Moreover, current efforts within the medical community to develop new approaches to improving the quality of medical care provided, combined with managed care's prompting of a reevaluation of the nature of a physician's professional obligations to his patient, coalesce to make this a particularly opportune time to focus on the problem of physician bias. Because biased medical care is thought of as one form of poor quality medical care, efforts to reduce the incidence of biased medical decisions may be able to piggyback onto efforts to improve medical quality by promoting evidence-based medicine and reducing variability in medical practice. Similarly, physicians' current attentiveness to the question of what duties they owe their patients may provide a “teachable moment” for focusing physicians' attention on eliminating bias as a professional obligation.

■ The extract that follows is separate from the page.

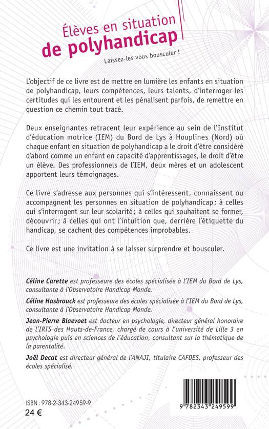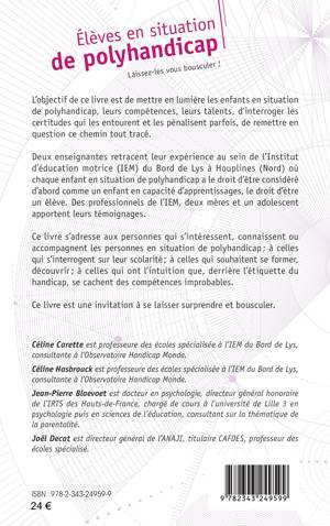 L’objectif de ce livre est de mettre en lumière les enfants en situation de polyhandicap, leurs compétences, leurs talents, d’interroger les certitudes qui les entourent et les pénalisent parfois, de remettre en question ce chemin tout tracé. Deux enseignantes retracent leur expérience au sein de l’Institut d’éducation motrice (IEM) du Bord de Lys à Houplines (Nord) où chaque enfant en situation de polyhandicap a le droit d’être considéré d’abord comme un enfant en capacité d’apprentissages, le droit d’être un élève. Des professionnels de l’IEM, deux mères et un adolescent apportent leurs témoignages.
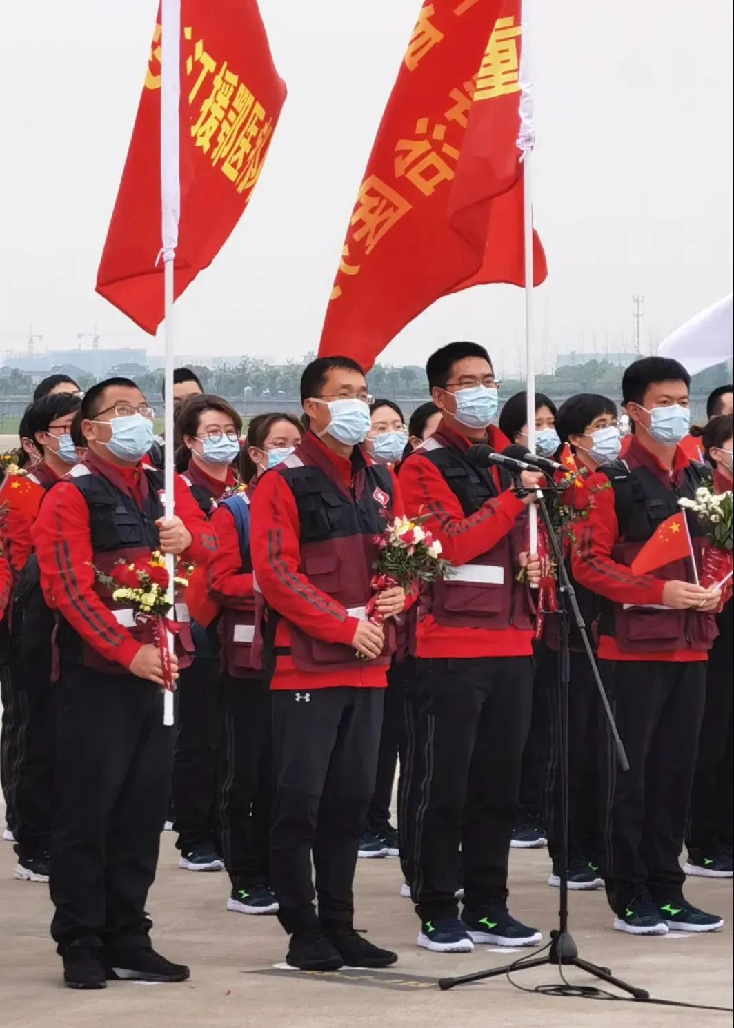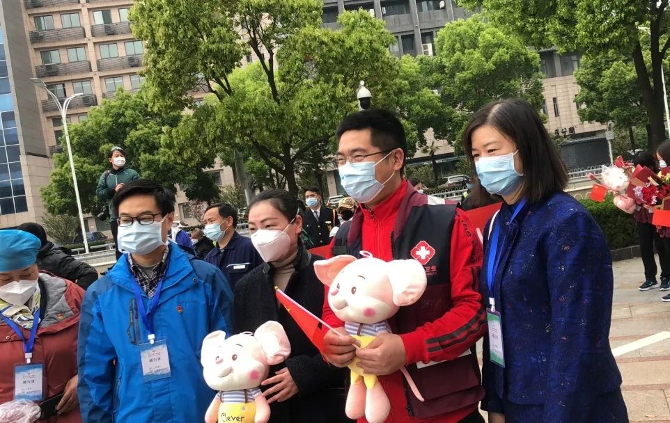 3日中午临别之际,支援医院领导及同仁、当地商会、市民、志愿者和驻地酒店员工一起为医疗队举行了简朴却又热烈的欢送仪式。队长葛明华动情表达:“在武汉抗疫的45天里,我深深体会到了艰辛、磨难、疲惫、温暖、感动和希望。这是一座英雄的城市,武汉人民的坚韧、顽强和感恩一次次触动着我们。”

This Article will proceed in the following manner: Part II will examine the published evidence that physicians' clinical decisions are biased in some instances. This examination's purpose is not to prove exactly when and why biased decisions occur, but instead to establish that sufficient evidence of bias exists from which we can assume that at least some physicians make biased decisions. Starting with this assumption, the next logical question is whether we should care. In other words, what's wrong with biased medical decisions? Part III will describe briefly two ways in which biased medical decisions are wrong. First, biased medical decisions violate the norms of the professional and personal relationship between physician and patient. Second, they violate social norms of equality of treatment of similarly situated individuals and may help perpetuate unequal distributions of health and related social goods.
If, as asserted, biased medical decisions are somehow wrong, the question becomes whether the law provides a mechanism for responding to *201 this wrong. The remainder of the Article examines whether a patient who is the subject of a biased medical decision has any viable avenue of legal recourse. Part IV considers the possibility of imposing liability on a physician for violating professional duties and Part V examines possible responses based on federal civil rights statutes and barriers to the effectiveness of those responses. The ultimate conclusion is that neither avenue is currently likely to provide many patients complaining of physician bias with any remedy. The Article concludes in Part VI with reflections on how currents of thought in the fields of civil rights enforcement and medical care quality improvement may provide bases for continuing efforts to address the problem of physician bias.